Autor: Filipe Manuel Neto
**Apesar de previsível e carregado de clichés, é um filme que marcou uma geração, alertou muitas consciências para assuntos muitos sérios, e continua a ser muito bonito trinta anos depois.**
Este é seguramente um dos filmes que marcou as pessoas durante os anos 90, e que manteve a sua popularidade e simpatia durante muitos anos. Hoje eu penso que está esquecido, e em parte tenho pena disso. Todavia, creio que o filme já fez o seu trabalho: não só entreteve quem o viu e o continua a ver, como teve um certo papel social pela forma como despertou nos mais jovens (mas não só neles) uma certa consciência para a ecologia, para a preservação dos animais e das espécies em perigo. Também acredito que o filme teve uma certa responsabilidade na mudança do pensamento dos zoológicos e lugares que conservam animais em cativeiro: ao invés de serem “depósitos de animais” para entretenimento público, passaram a ser instituições com cada vez maior relevância na preservação dos animais: hoje, são essenciais na sobrevivência de espécies cujos habitats naturais foram destruídos e que só se vão perpetuando em cativeiro. Também assumem a dianteira na reprodução assistida de muitos animais, como o Urso Panda Gigante, por exemplo, bem como no resgate, tratamento veterinário e preparação de animais que, tendo sido caçados ilegalmente ou vivido muitos anos em companhia humana, necessitem de voltar à vida selvagem.
Assim, este filme acaba por ser mais relevante pelo efeito que provocou nas pessoas do que por si só.
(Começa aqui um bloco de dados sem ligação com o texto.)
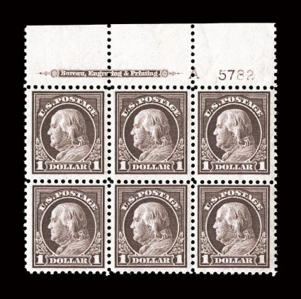 fine.#518, $1.00 Violet brown, full top margin imprint and plate no. 5782 block of six, strong color, o.g., lightly hinged, flat plate gum bends and skips, fine-very fine. (Image) $1,300.00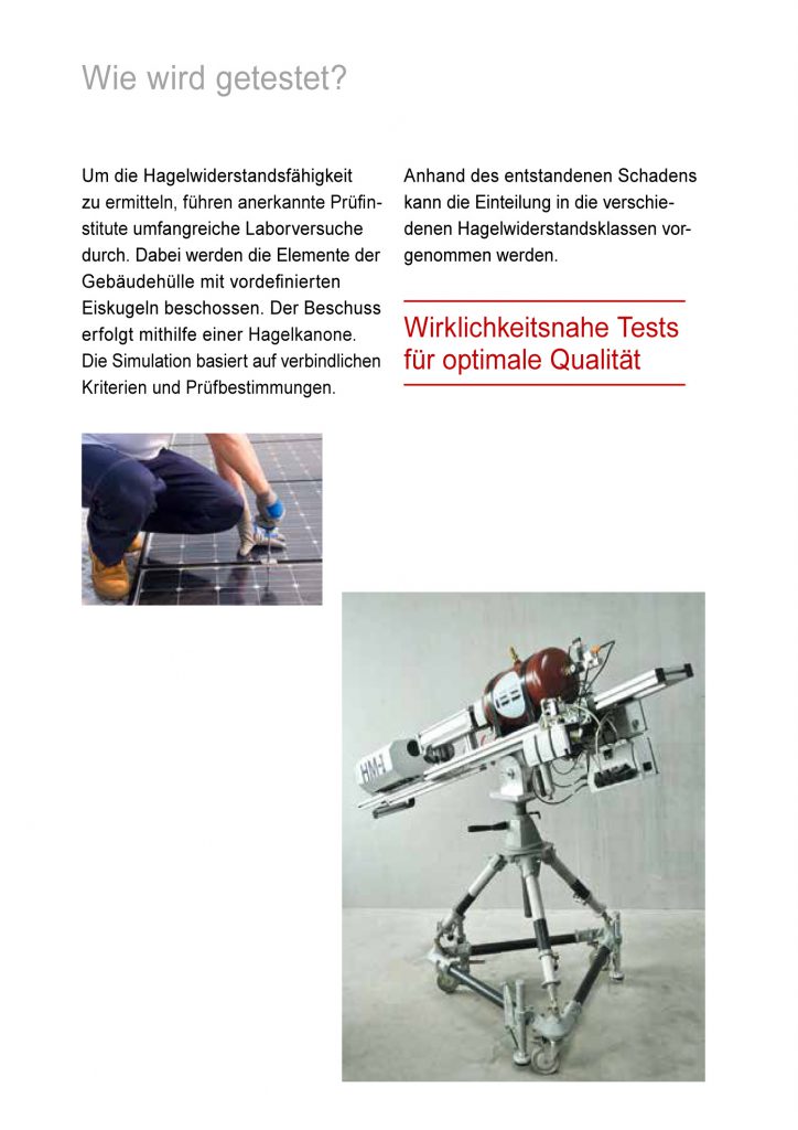 Hagel – Wie wird getestet?Download Wie wird getestet? (deutsch, PDF) Comment les tests sont-ils réalisés? (français, PDF)TechinfoNormenHagelschutzHersteller: VKF AEAI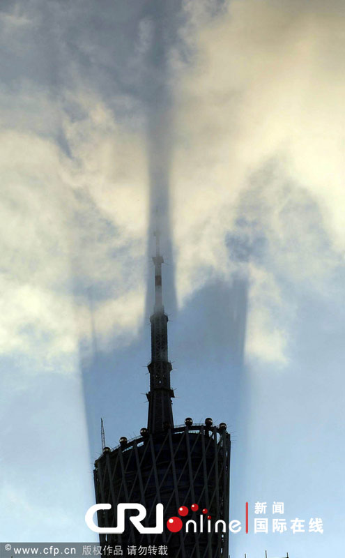 头条 > 图片 > 风景图片 > 海市蜃楼图片-广州项塔顶印在高空 多地出现海市蜃楼有意思 时间:2011-05-10 14:49来源:CFP 海市蜃楼图片-今天接连在海口和广州出现海市蜃楼,广州项塔顶印在高空,2011年5月10日早上7点多,广州塔顶端出现一条直冲天际的深蓝色投影线,紧接着在塔顶的背后出现广州塔的投影,仰望天空蔚为壮观。海市蜃楼是光线折射形成幻影,海市蜃楼的意思常被用来比喻虚无缥缈而不实际存在的事物,指眼前看到的和实际是不一样的,而且是不长久的。海市蜃楼也有形容风景很美的意思。 原始图片 上一张 下一张 (温州视线)

Analisando-o de modo simples, é um filme bastante açucarado, carregado de clichés e sem grande qualidade artística. Um filme de entretenimento familiar, excelente para ver em família e que, durante anos, foi quase institucional nas televisões, durante o período de Natal. O roteiro é bastante simples, e leva um adolescente rebelde e revoltado a regenerar-se quando começa a ter contacto com uma orca que vive há anos em cativeiro. A amizade entre ambos é tocante e sincera, assim como os esforços do rapaz, e dos amigos que vai fazendo, para a libertar para os mares, numa corrida contra o tempo e contra a acção dos vilões, os donos do parque onde ela é mantida, e que não se importam minimamente com ela. É um filme previsível ao extremo, e que romantiza excessivamente a libertação de animais mantidos em cativeiro, fazendo com que o público esqueça que é necessária toda uma preparação prévia, de vários anos, e que nunca se sabe se o animal, após anos dependendo de humanos, se vai realmente adaptar. Keiko, a orca que o filme usou (e que viveu em cativeiro por anos depois do filme), acabaria por ser preparada e libertada, mas, como sabemos, nunca se adaptou à vida selvagem.
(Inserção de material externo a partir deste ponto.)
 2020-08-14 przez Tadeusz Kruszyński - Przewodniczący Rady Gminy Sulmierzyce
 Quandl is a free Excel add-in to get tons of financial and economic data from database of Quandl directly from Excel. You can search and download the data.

O filme conta com um bom elenco, mas uma sofrível concepção de personagens. Nenhuma das personagens é realmente boa e todas são clichés: o adolescente heróico, o nativo-americano cheio de sabedoria ancestral que conhece os animais como ninguém, os capitalistas arrogantes sem respeito por nada nem ninguém… Excluindo a orca Keiko, é Jason James Ritcher que se vai destacar como actor, no papel do adolescente que salva o dia. Ele faz o que é preciso, e eu penso que ele foi relativamente credível no seu esforço. Michael Madsen também merece um louvor pelo seu trabalho, num filme que, de resto, irá ser dos mais populares da sua carreira artística. Lori Petty e Jayne Atkinson são bastante boas, August Schellenberg faz o que pode com o cliché que lhe foi dado. O resto simplesmente não interessa.
Tecnicamente, o filme destaca-se pela boa cinematografia. Muitos filmes dos anos 90 parecem velhíssimos quando os vemos agora, mas este é uma daquelas excepções louváveis que merece ser citada. Os locais de filmagem, bem como os cenários, também merecem uma nota positiva pela beleza visual. Os efeitos sonoros são muito bons, e os efeitos visuais e especiais merecem um louvor, em particular a baleia animatrónica, que é bastante realista. Por fim, uma nota para louvar a qualidade do tema principal da banda sonora criada para este filme, e que é dos mais bonitos do seu tempo.